Tax Season and the Retiree
There are a lot to contemplate when considering the state in which to retire. Most want to be close to family and friends, the weather to be suitable for them, and what they hope to do in terms of activities. A consideration this time of year are taxes — one of life’s two certainties and, one often a large expense in retirement. It is never a good idea to seek out a retirement state based solely on tax burden but it is good to be aware which states fit your plans best for retiement.
So, find out how each state taxes your income and plan accordingly. Also consider how the state taxes your property and your consumption and you might want to consider how it taxes your estate. That should give you a state tax burden that you’ll need to cover during retirement.
Older Americans who planned for retirement often generate income from several sources during retirement, including income from wages or self-employment; Social Security; pensions; and personal assets, including taxable and tax-deferred accounts. Taxes on those sources of income, mean less money for your care and enjoyment. But don’t forget state and local property taxes, state and local sales and use taxes. You might pay plenty in property taxes and sales taxes.
Remember, what you save on income taxes in one state you might pay in property taxes or sales taxes. And vice versa. What you save on property and sales taxes in one state you might pay in income taxes – so calculate for your specific retirement situation.
One more note, for those who itemize deductions, there are five types of deductible non-business taxes, including state, local and foreign income taxes; state, local and foreign real estate taxes; state, and local personal property taxes; state and local sales taxes, and qualified motor vehicle taxes.
Your specific tax burden, will depend on whether you can take advantage of these deductions.
The states are listed in order of tax friendliness from an overall tax burden point of view:
1. Alaska: Alaska doesn’t tax personal income, including Social Security benefits and pension income.
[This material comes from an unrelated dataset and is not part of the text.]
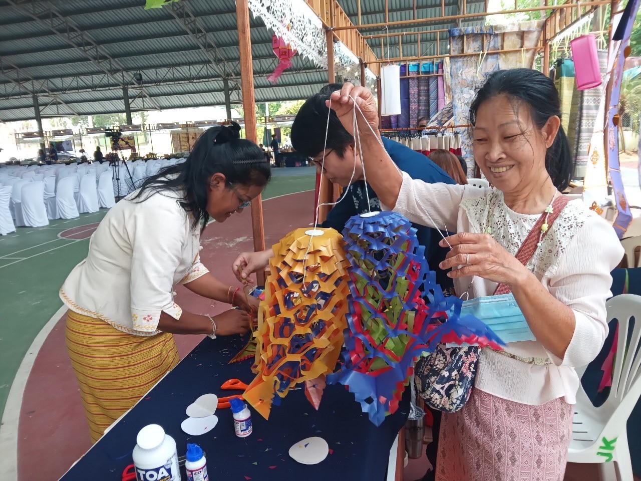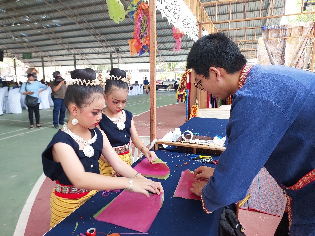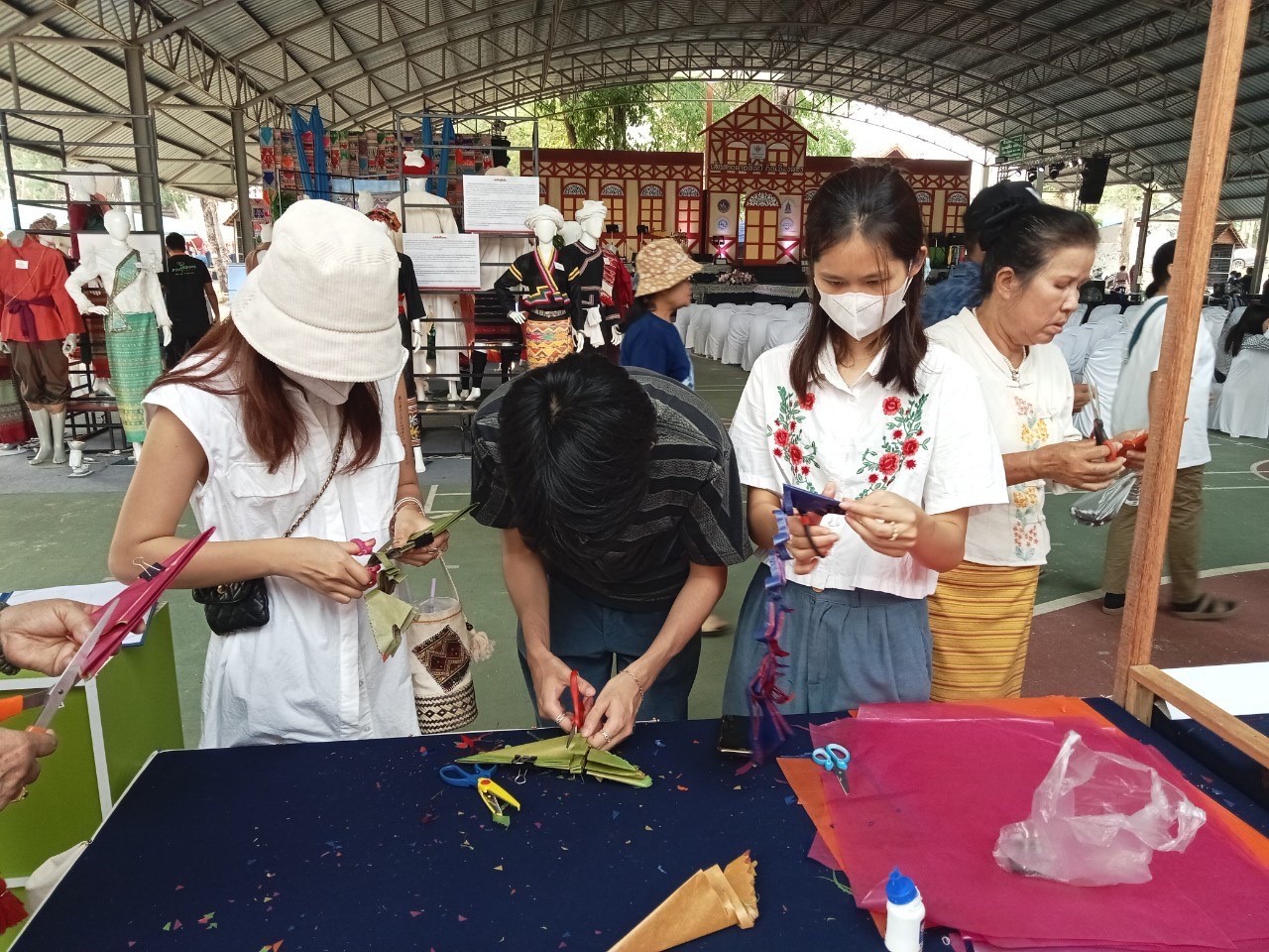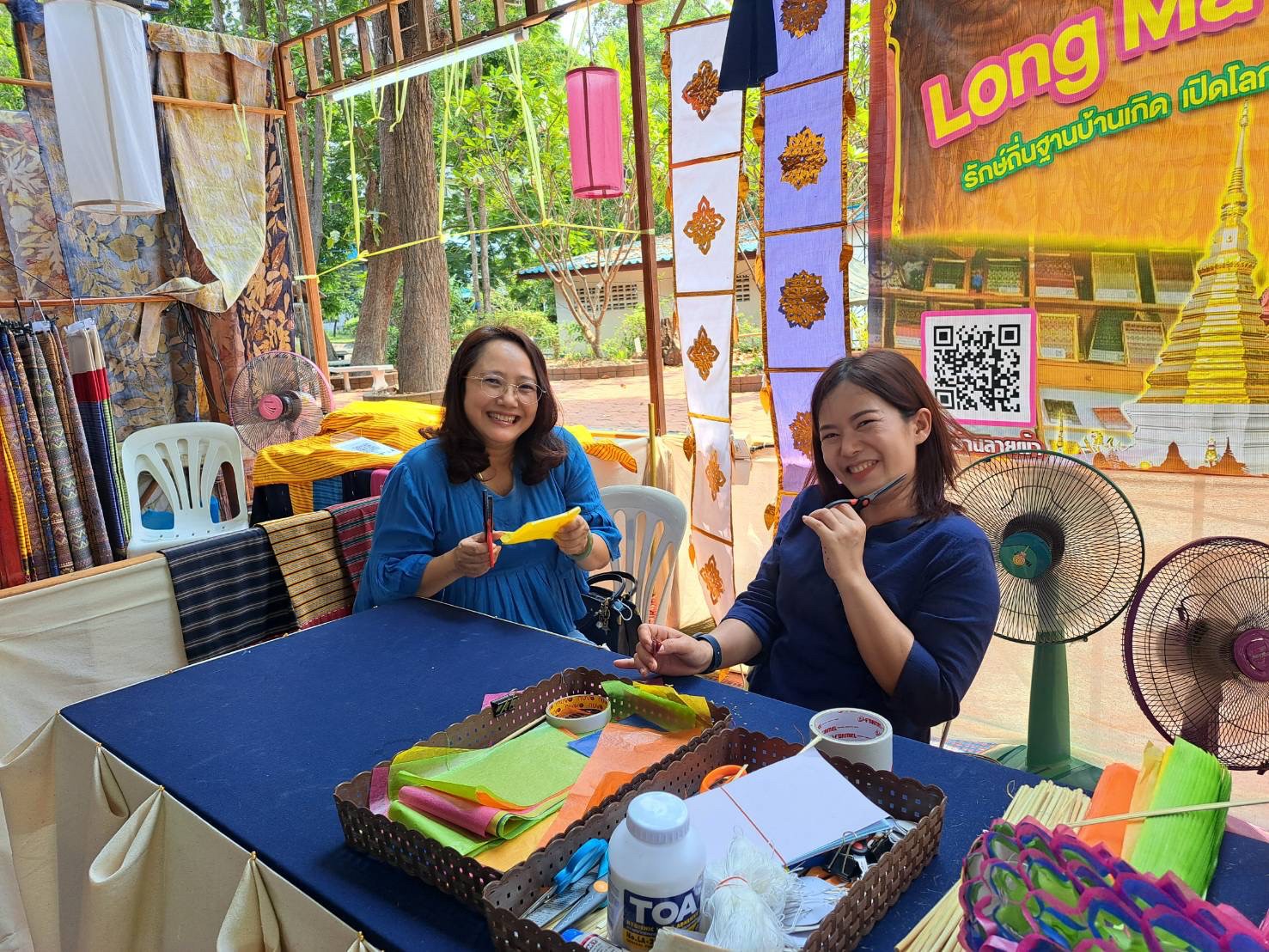 วันที่7-9 เมษายน2566นางสาวรติรัตน์ อินต์ธะวิชัย ผอ.กศน.อำเภอลอง พร้อมด้วยคณะครู กศน.อำเภอลอง จัดกิจกรรมส่งเสริมการเรียนรู้ กิจกรรมฝึกทักษะการตัดตุงไส้หมู ส่งเสริมการจำหน่ายผลิตภัณฑ์ของชุมชน เพื่อส่งเสริมและสนับสนุนการ ท่องเที่ยวชุมชนของอำเภอลอง จำนวนผู้เข้าร่วม55คน และร่วมพิธีเปิดงาน ” เส้นสายลายศิลป์ ถิ่นเมืองลอง” ณ โรงเรียนลองวิทยา อำเภอลอง จังหวัดแพร่

And, there’s no state-imposed sales tax. This is not to say that you won’t pay any taxes in Alaska – You’ll pay other types of taxes, such as property taxes.
2. Nevada: This state doesn’t tax income, Social Security benefits or pension income. And its property taxes are reasonable, too. Its sales tax, however, is higher than the national average.
3. South Dakota: The state doesn’t tax individual income, Social Security benefits or pension income. And the overall tax burden is among the lowest in the nation.
4. Wyoming: There’s no individual income tax on Social Security benefits or pension income in Wyoming but property taxes and sales taxes tend to be higher than the national average.
5. Texas: In Texas, there’s no individual income tax. But property and sales taxes tend to be higher than the rest of the nation.
6. Florida: There are plenty of reasons why people choose to retire to the Sunshine state, the low tax burden being among those reasons. There’s no individual income tax on Social Security benefits or pension income with high property and sales taxes.
7. Washington: There’s no individual income tax on Social Security benefits or pension income. But if you plan on spending lots money while in retirement watch out for the high sales tax.